The quinolone and tetracycline antibiotics interact with this traced mineral in your gastrointestinal tract. It prevents the absorption of not only zinc but also antibiotics.  Consuming this antibiotic at least three hours before or 3 to 5 hours after consuming a zinc supplement can reduce this interaction.

  • Penicillamine

Zinc mineral may minimize the absorption and action of penicillamine. It is a drug utilized for the treatment of rheumatoid arthritis. You can decrease this interaction by taking zinc supplements at least three hours before or after consuming penicillamine.

  • Diuretics

Thiazide diuretics like chlorthalidone and hydrochlorothiazide maximize urinary zinc excretion by as 50 %. Long time usage of thiazide diuretics may deplete zinc levels so that doctors should observe zinc status in people consuming these medications.

Conclusion

Zinc is a crucial traced mineral, and your body is unable to make it. Obtaining an adequate amount of this essential mineral is highly essential for maintaining good health, facilitating a healthy immune system, and a sense of taste and smell. There are plenty of other health benefits associated with the zinc, and that is improving skin health, reducing the risk of age-related diseases, depression, and many more.

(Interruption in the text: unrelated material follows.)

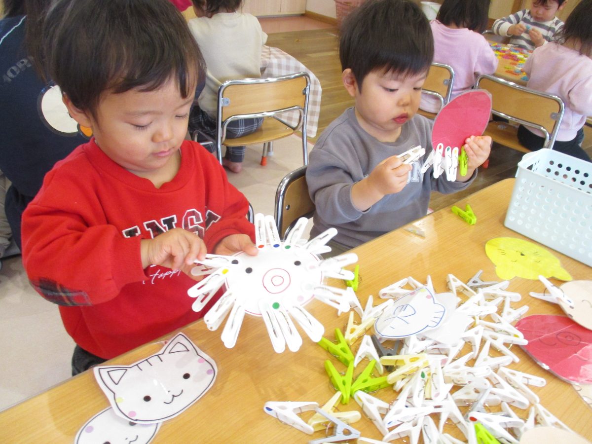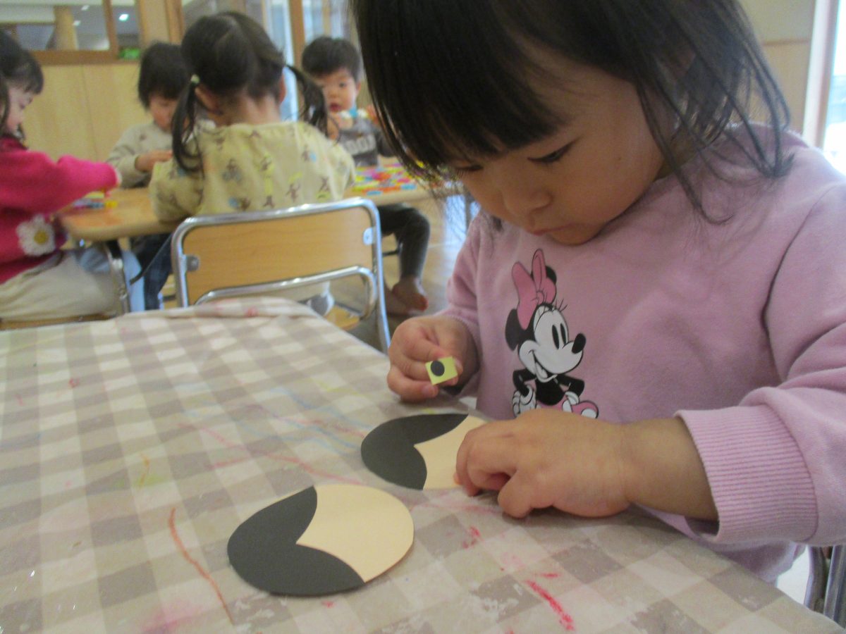 今日は、製作を行いました!先生の見本をよく見ながら、頑張っていましたよ👏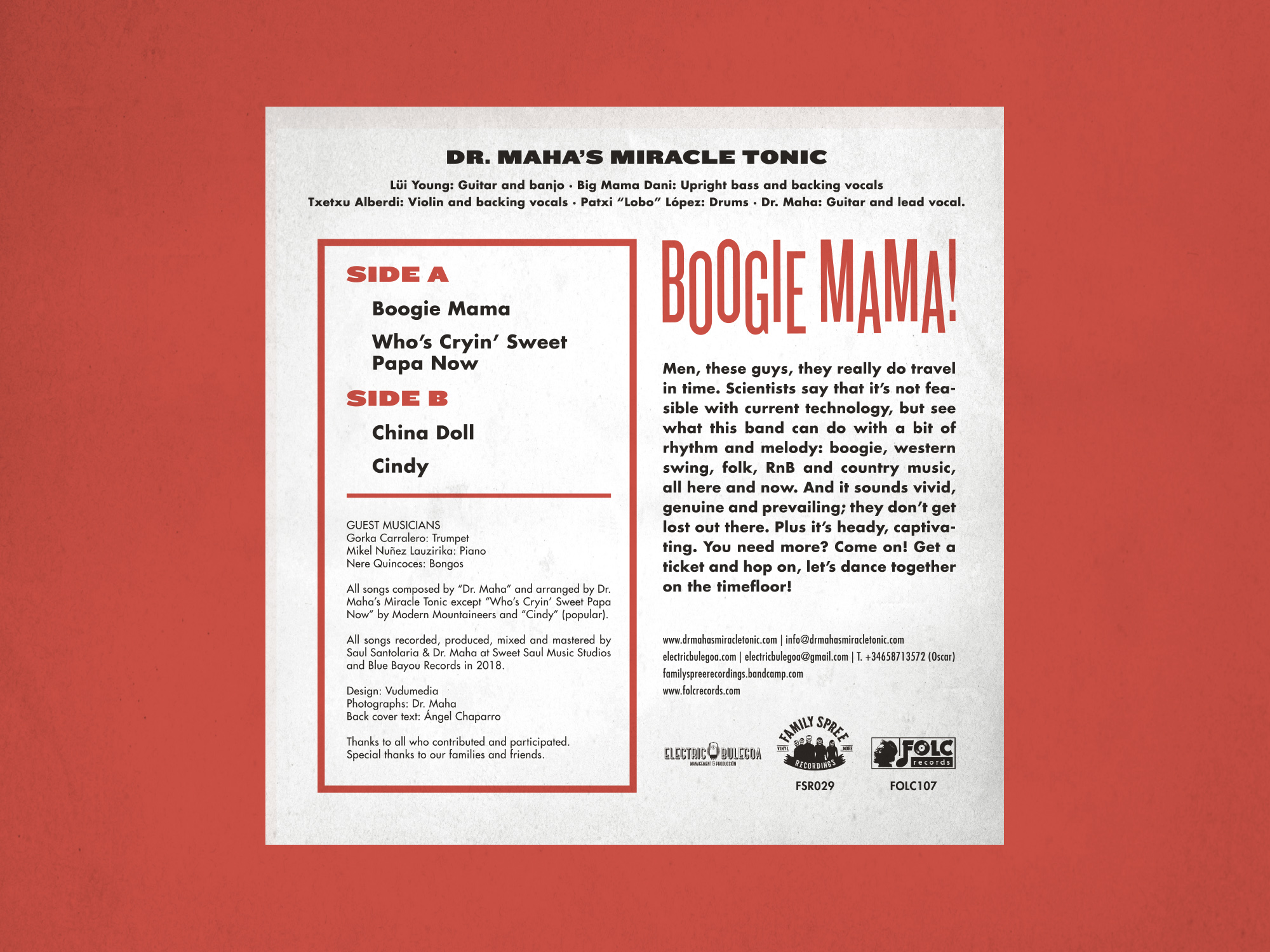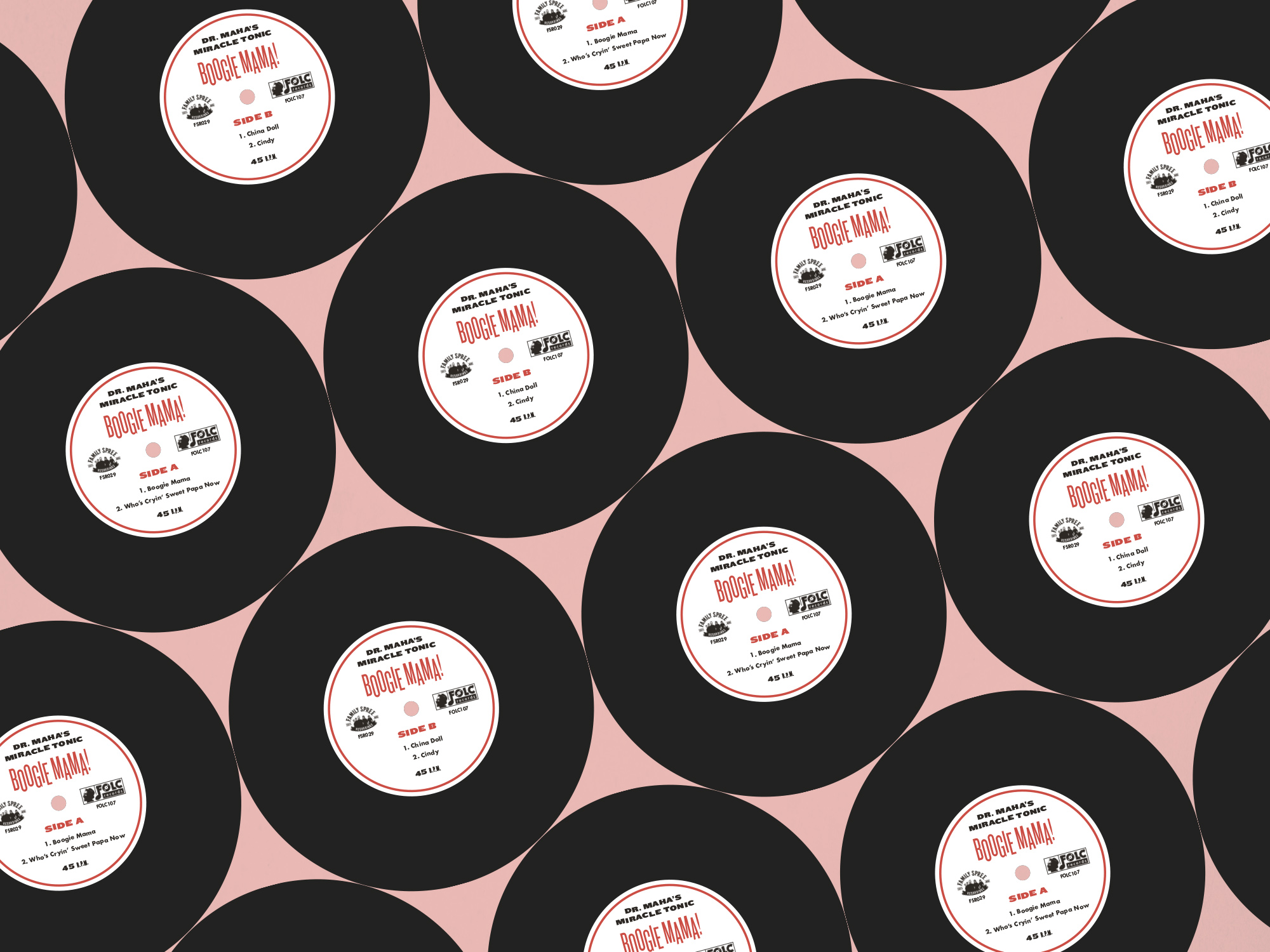 Boogie Mama! Diseño de artwork para single en vinilo de 7″ para el grupo Dr. Maha’s Miracle Tonic titulado «Boogie Mama!». Diseño gráfico

The ideal technique to make sure you obtain an appropriate amount of this mineral is to eat a diet with excellent sources of zinc like red meat, liver, poultry, seafood, seeds, dark chocolates, and dairy products.

 If you are worried about not receiving the appropriate amount of zinc mineral in your diet and are at risk of zinc deficiency, you should consult a professional health practitioner and doctor about the possibility of consuming zinc supplements.